Rebuilding the House
Jo-Anne Elder
ellipse editor, 2002–2012
Un mot des rédactions / A Word from Some Editors
We decided to move ellipse to Fredericton during a comparative Canadian literature graduate students’ conference in Sherbrooke in 2002. I was there to give a paper on the Sherbrooke School of Literary Translation. Marie-Linda Lord, from the Université de Moncton, was there. We learned that ellipse was either going to close, or find a new publishing team. I told Marie-Linda I thought New Brunswick would be a good place for ellipse, she agreed, and I started to redesign the magazine.
I approached éditions ellipse inc. like building a house. We constructed the scaffold and frame before we settled in. We established a bilingual organization registered as a non-profit company, with bylaws, a mandate, a governance structure, an AGM, and meetings. We did all this before we published our first New Brunswick issue. We physically moved hundreds of cartons of back issues from Sherbrooke to my basement. Monique Grandmangin and Patricia Godbout helped us load the truck and gave us advice; Charly Bouchara sent us the list of subscribers, most of whom remained loyal through the transitions. We prepared one transitional issue to prove that ellipse had moved into its new home, and then remodelled the magazine by publishing a huge, bright blue issue devoted to Fred Cogswell. By that time, we could apply for grants, which provided the foundation and kept the heat on—in both senses of the phrase—for the decade ellipse was housed in the Maritimes.

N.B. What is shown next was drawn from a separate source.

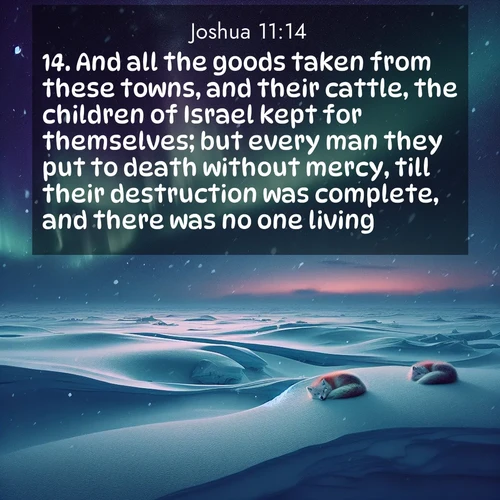 14. And all the goods taken from these towns, and their cattle, the children of Israel kept for themselves; but every man they put to death without mercy, till their destruction was complete, and there was no one living.

Creating an entirely new organization around a magazine that already had a venerable reputation as an academic and literary journal was the only way I could ensure its survival in the early 2000s. More than 30 years later and six hundred kilometres away from its first issue, the literary landscape on which ellipse settled was a very different one. I was part-time faculty at the University of New Brunswick, but didn’t foresee attaching ellipse to a university. I was on the editorial board or board of directors of several literary, arts, and community organizations, and a member of writers’ and translators’ associations, and I knew the challenges of arts funding. I also knew that Fredericton and Moncton had communities of hardworking artists. The directors, editors, and many contributors would be artists and Rebuilding the House writers from our region who, for the most part, knew nothing about ellipse. We would run it like a little mag, and in fact renamed it “revue ellipse mag.” We had Francophone and bilingual editors, though two of our board members, Nancy Bauer and Ray Fraser, were English-speaking writers chosen for their experience and commitment to literary organizations. This was part of our mandate: we wanted to develop a culture of literary translation in New Brunswick from the ground up. This meant inviting writers to translate writers, offering translation workshops to students and to the public, and discussing the work of translation as an art form, in a province where it was seen as a service. We published a few issues with one Francophone (not necessarily Québécois) and one Anglophone poet in translation (often Governor General’s Award winners) in the tradition of the Sherbrooke publishers; more often, we compiled work around a theme, often in double issues. One of the issues I am most proud of presented work in Indigenous languages. Often with the help of Hugh Hazelton, my favourite guest editor, we extended our reach to other languages and countries—Argentina and Brazil, for instance. Many Acadian and Atlantic writers, like Herménégilde Chiasson and Joe Blades, both involved in ellipse, are multidisciplinary artists, and it made sense in our vision to feature contemporary Canadian artwork in each issue.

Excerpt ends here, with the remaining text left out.